▶ EXERCISE DESCRIPTION:
Reproduce, word for word, the lines in the material below starting with the one that has "Inzwischen ist der" and going on through the one that has "- Material: 100%". Leave out all pictures.

▶ PROVIDED MATERIAL:
◆ ◆ ◆

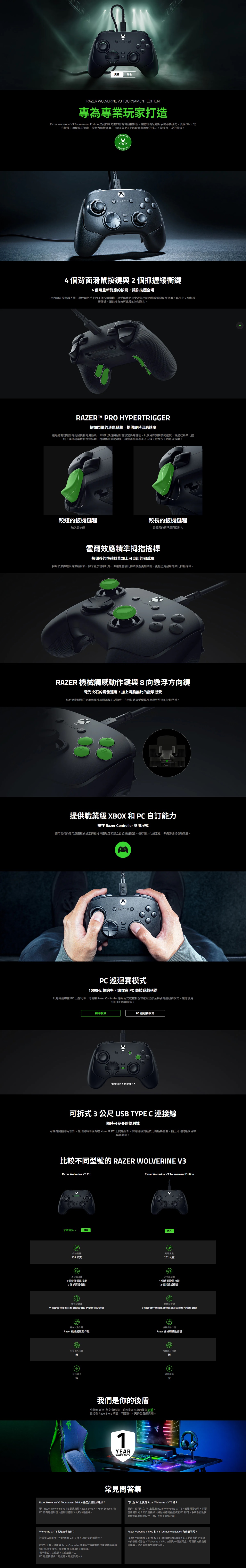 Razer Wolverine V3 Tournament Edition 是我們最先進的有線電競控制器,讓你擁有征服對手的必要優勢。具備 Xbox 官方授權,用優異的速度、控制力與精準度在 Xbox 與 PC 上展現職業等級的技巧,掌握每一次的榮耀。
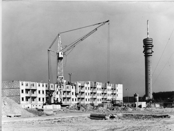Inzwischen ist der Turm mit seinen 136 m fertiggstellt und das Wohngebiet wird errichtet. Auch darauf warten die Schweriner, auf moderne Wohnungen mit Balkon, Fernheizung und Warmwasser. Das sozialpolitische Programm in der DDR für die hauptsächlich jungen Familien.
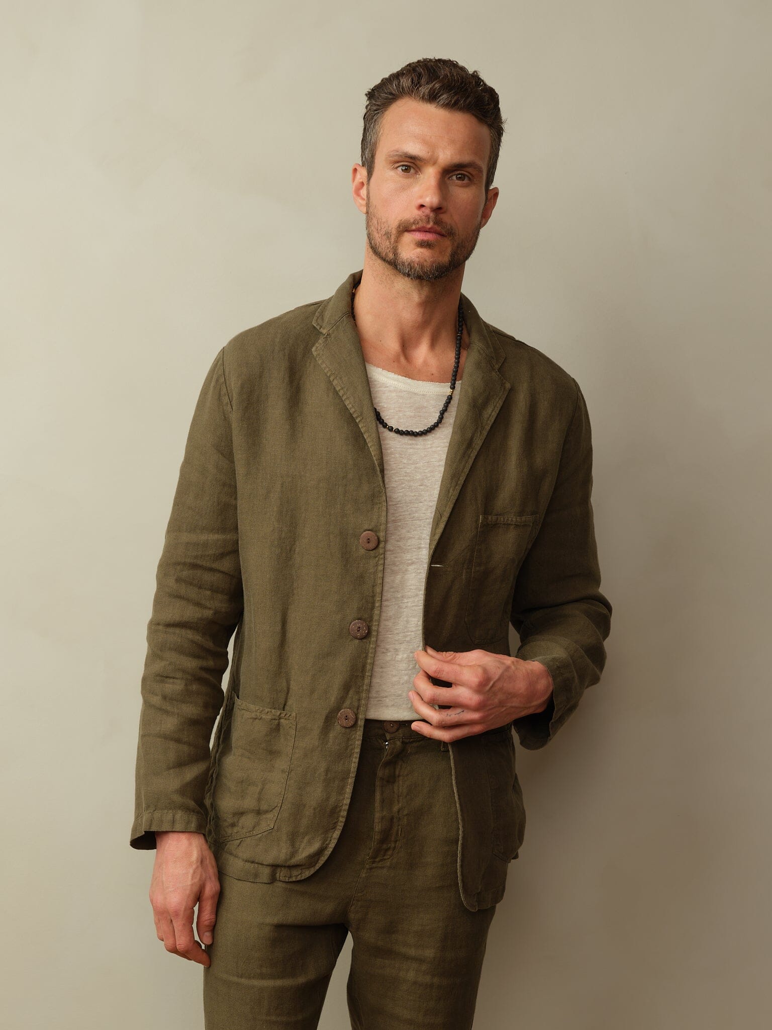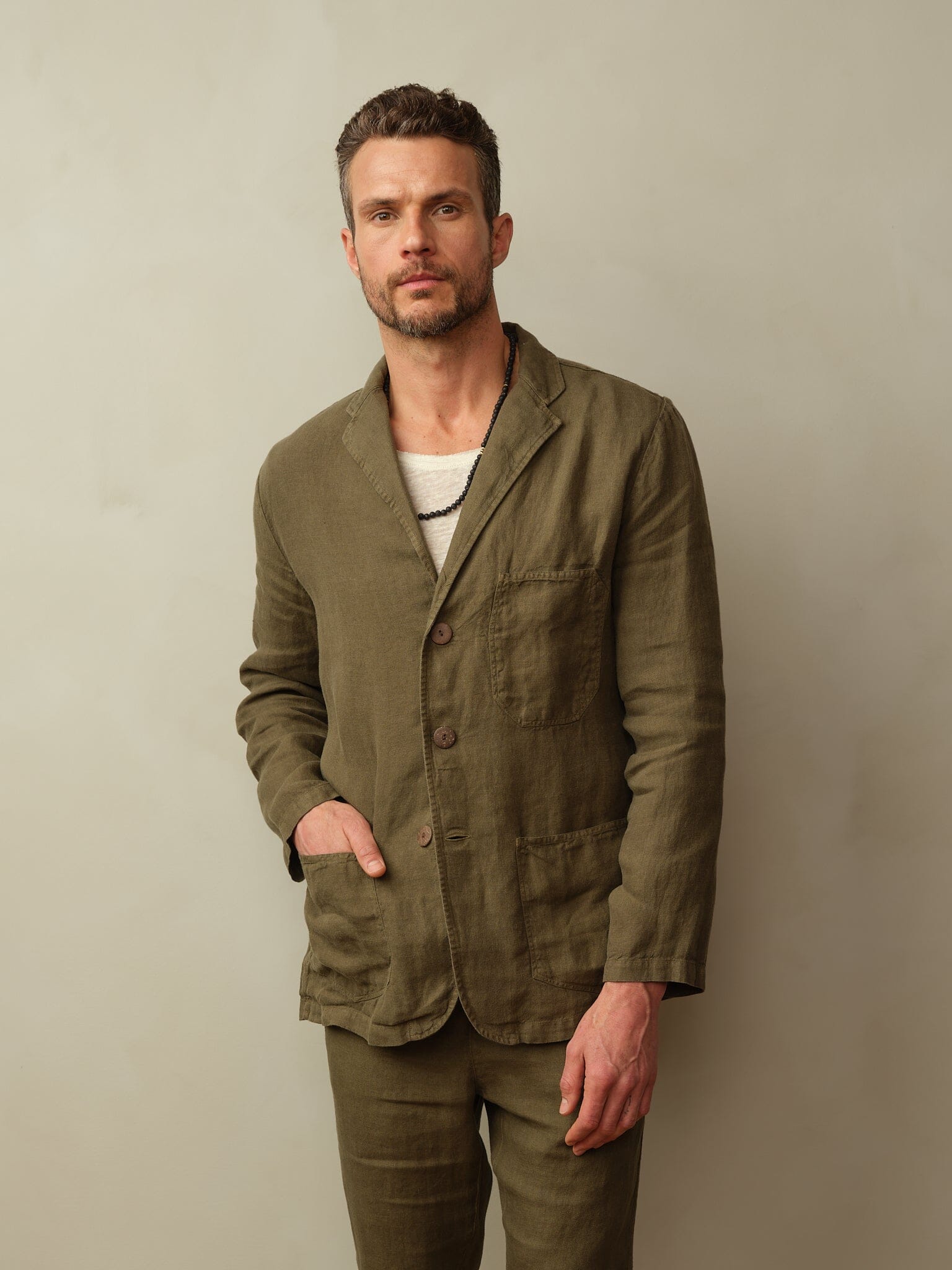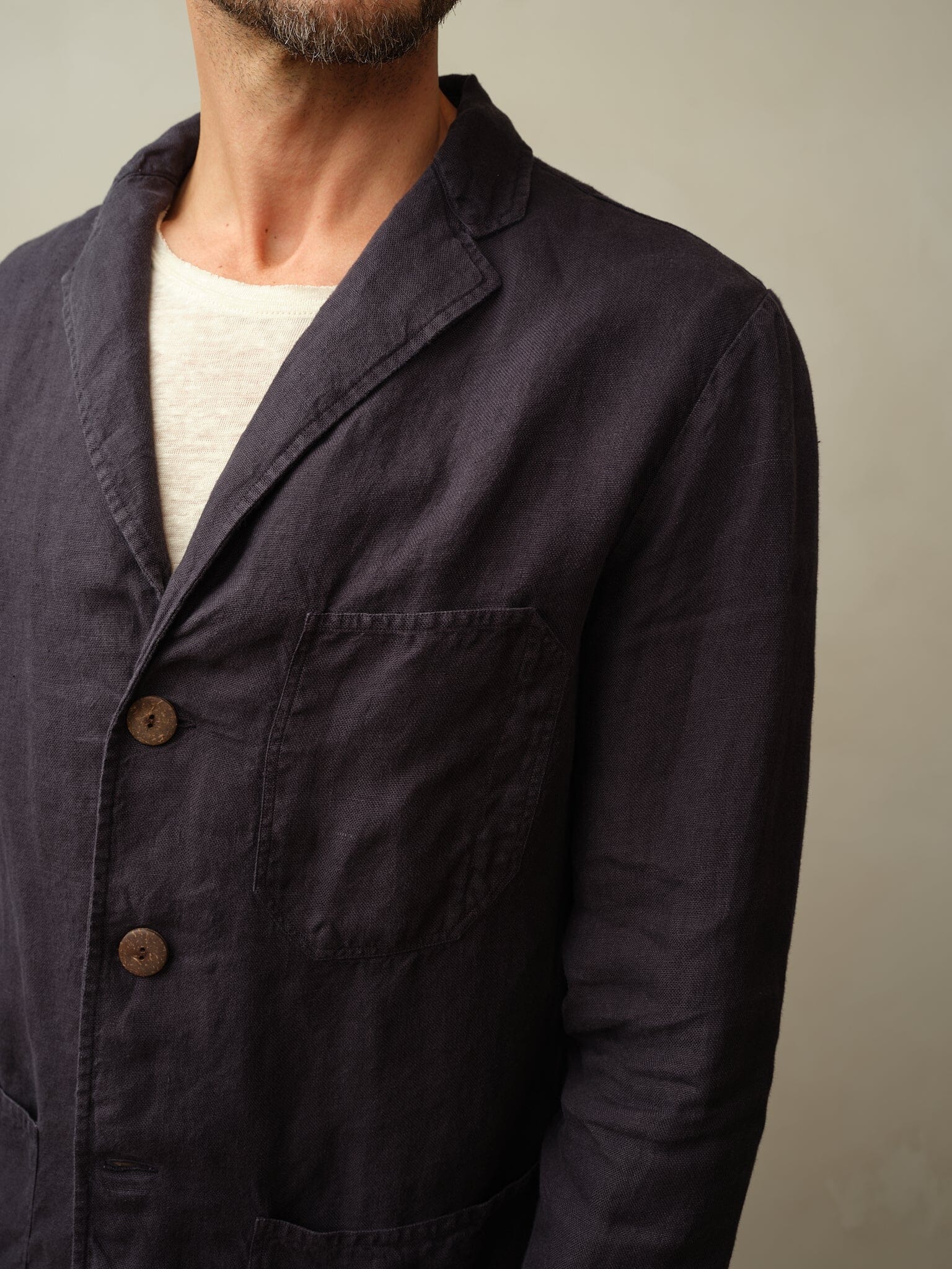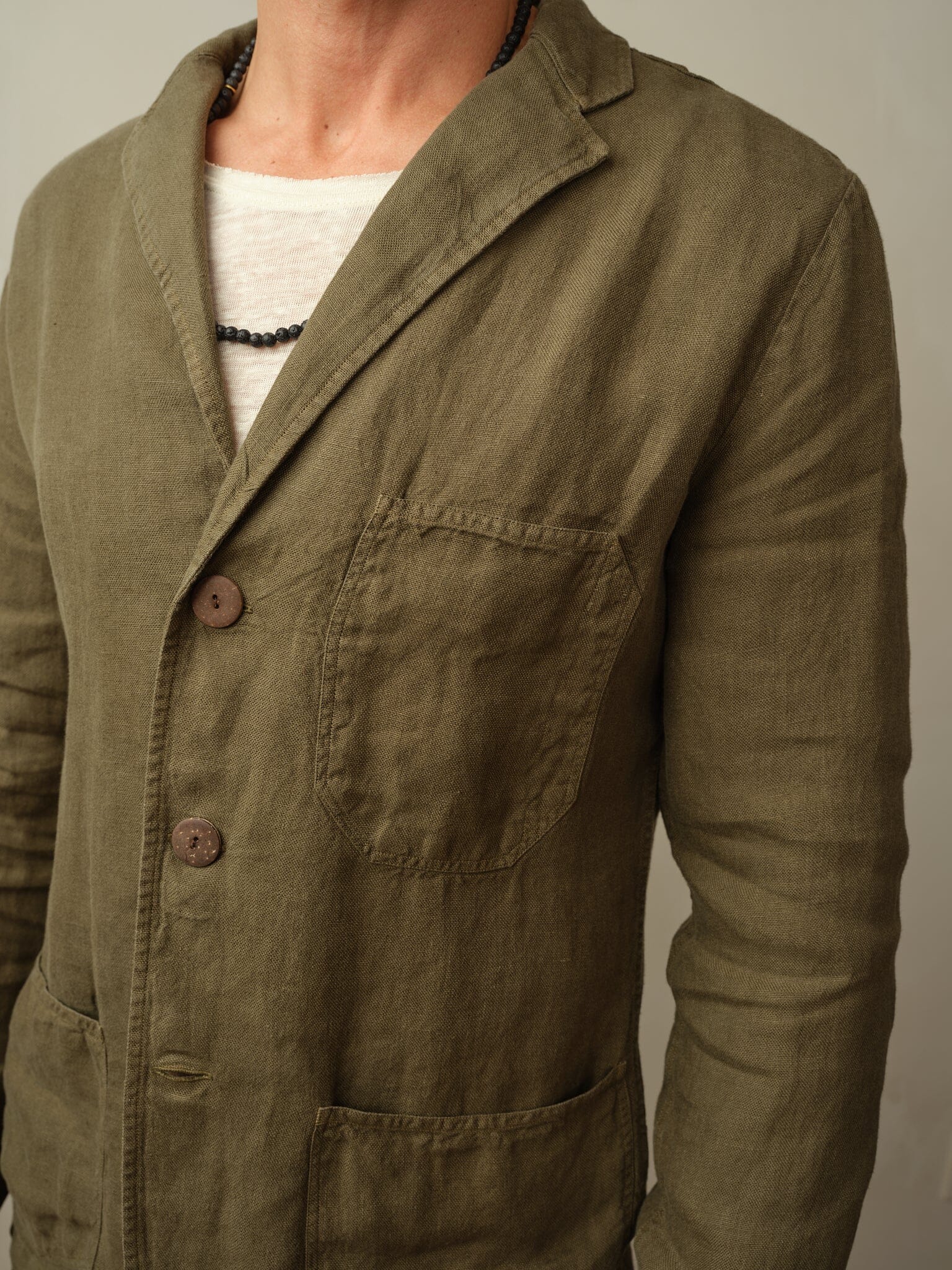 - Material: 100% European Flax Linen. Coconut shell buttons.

◆ ◆ ◆

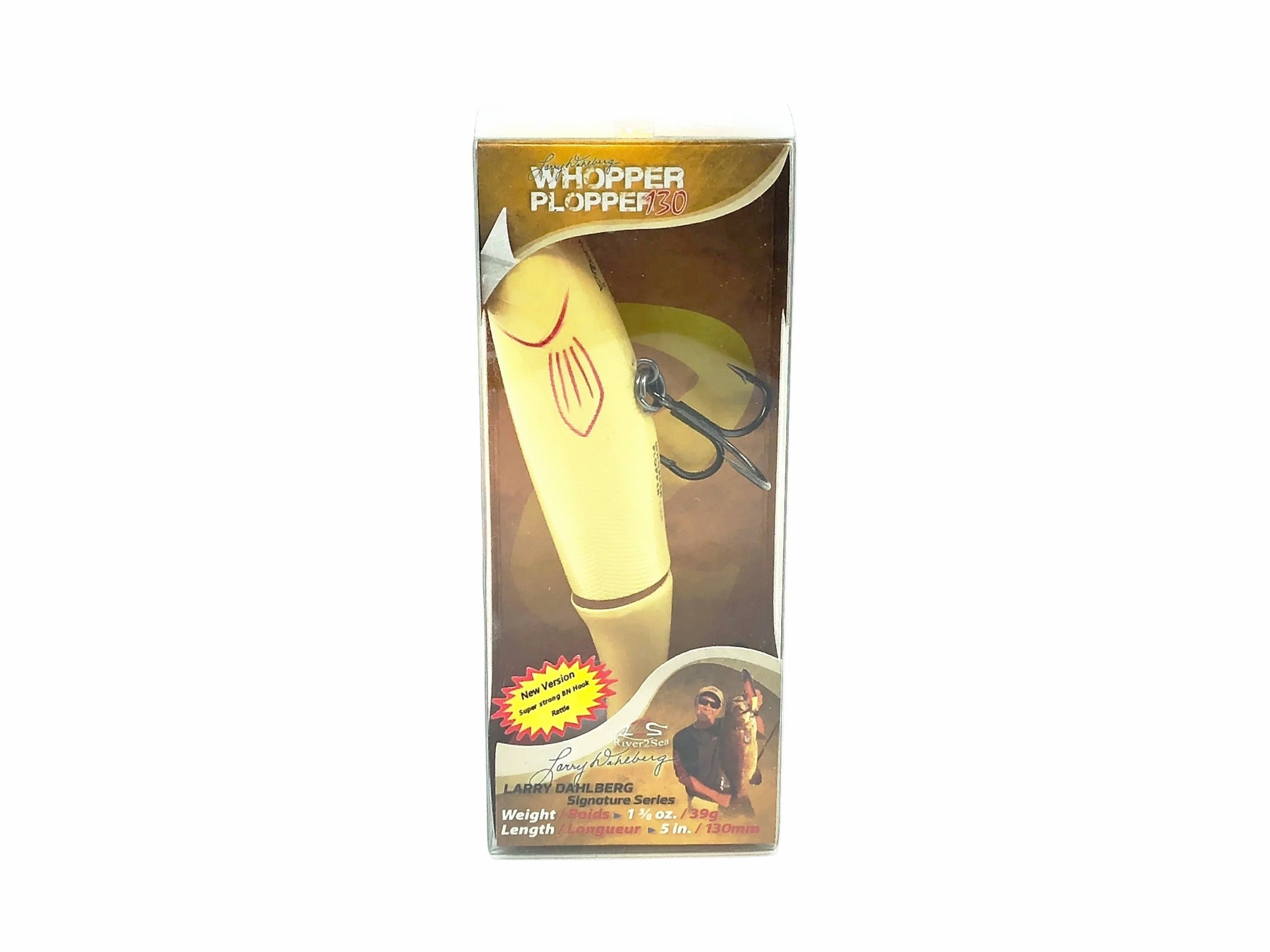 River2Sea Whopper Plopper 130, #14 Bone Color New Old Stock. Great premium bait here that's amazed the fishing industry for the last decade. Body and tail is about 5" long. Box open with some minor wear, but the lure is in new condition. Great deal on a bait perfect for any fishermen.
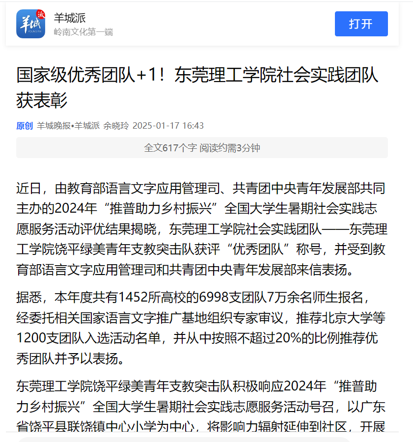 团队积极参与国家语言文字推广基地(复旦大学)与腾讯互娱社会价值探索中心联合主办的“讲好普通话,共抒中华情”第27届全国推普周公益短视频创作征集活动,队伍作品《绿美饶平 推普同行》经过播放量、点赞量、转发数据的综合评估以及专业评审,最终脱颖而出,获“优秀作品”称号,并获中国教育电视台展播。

◆ ◆ ◆

▶ EXERCISE ANSWER:
Inzwischen ist der Turm mit seinen 136 m fertiggstellt und das Wohngebiet wird errichtet. Auch darauf warten die Schweriner, auf moderne Wohnungen mit Balkon, Fernheizung und Warmwasser. Das sozialpolitische Programm in der DDR für die hauptsächlich jungen Familien.
 - Material: 100% European Flax Linen. Coconut shell buttons.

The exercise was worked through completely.